By Rebecca Solnit, The New Yorker

20 December 14

 

ou can take the woman out of the Church but not the Church out of the woman. Or so I used to think, as my mother, a lapsed Catholic, carried out dramas of temptation, sin, and redemption by means of ice cream and broccoli. She had left behind the rites and the celebrations but not the anxiety that all mistakes were unforgivable. So many of us believe in perfection, which ruins everything else, because the perfect is not only the enemy of the good; it’s also the enemy of the realistic, the possible, and the fun.

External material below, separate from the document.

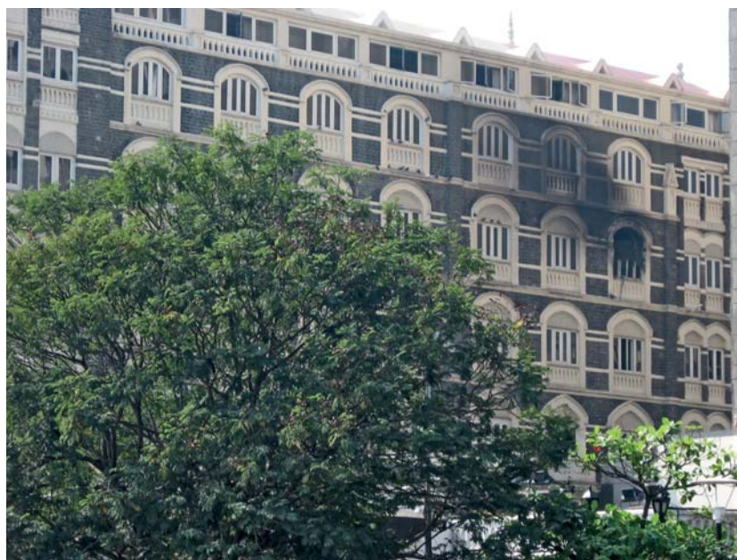
Het Taj Mahal hotel, vlak na de aanslag in november 2008. De uitgebrande kamers zijn duidelijk zichtbaar

Een kras voorbeeld van het laatste – effectief gebruik van Commercial Off The Shelf internet-technologie – vormt de recente aanslag in Mumbai, India 5 : GPS-apparatuur, GSM en PDA's ( Personal Digital Assistant ) ondersteunden de synchronisatie van de swarming manoeuvre van de tien betrokken terroristen naar hun doelen.

My mother’s punitive God was the enemy of Coyote. Prankish, lecherous, accident-prone Coyote and his cousins, the unpredictable creators of the world in Native American stories, brought me a vision of this realm as never perfect, made through collaboration and squabbling. I came across one of these stories a quarter century ago, when the conceptual artist Lewis deSoto, who is part Cahuilla, asked me to write about his work.

The Cahuilla were one of the myriad small tribes that inhabited the vast area now known as California. In a story that Lewis gave me, the world begins with darkness and “beautiful, faraway sounds—sounds such as might come from distant singers.” The maternal darkness endeavors to give birth and miscarries twice, then bears twin boys who grow up to quarrel constantly about which of them was born first.

As they fashion the world and all the things in it, the twins argue about whether there should be sickness and death. The brother who wins the argument is worried about overpopulation. The loser abandons the earth in a huff, leaving behind some of his creations, including coyotes, palm trees, and flies. The remaining brother becomes such a problem—lusting after his daughter, the moon; giving rattlesnakes poisonous fangs; arming people with weapons they will use against one another—that his creatures have to figure out how to kill him. No one is unequivocally good, starting with the gods.

Where I live, in the San Francisco Bay Area, the Ohlone people say that Coyote was the first being, and that the world was created by him, and by Eagle and by Hummingbird, who laughs at Coyote’s attempts to determine just where to impregnate his wife. (Coyote is not always this naïve. In the Winnebago stories, from the Great Lakes region, he sends his detachable penis on long, sneaky missions in pursuit of penetration, like some drone from the Dreamtime.) As the California poet Gary Snyder once said, “Old Doctor Coyote . . . is not inclined to make a distinction between good and evil.” Instead, he’s full of contagious exuberance and great creative force. In another California creation myth I remember hearing, the gods argue about procreation: one thinks that a man and a woman should put a stick between them at night, and it will be a baby when they wake up. Another says that there should be a lot of nocturnal embracing and laughing in the baby-making process.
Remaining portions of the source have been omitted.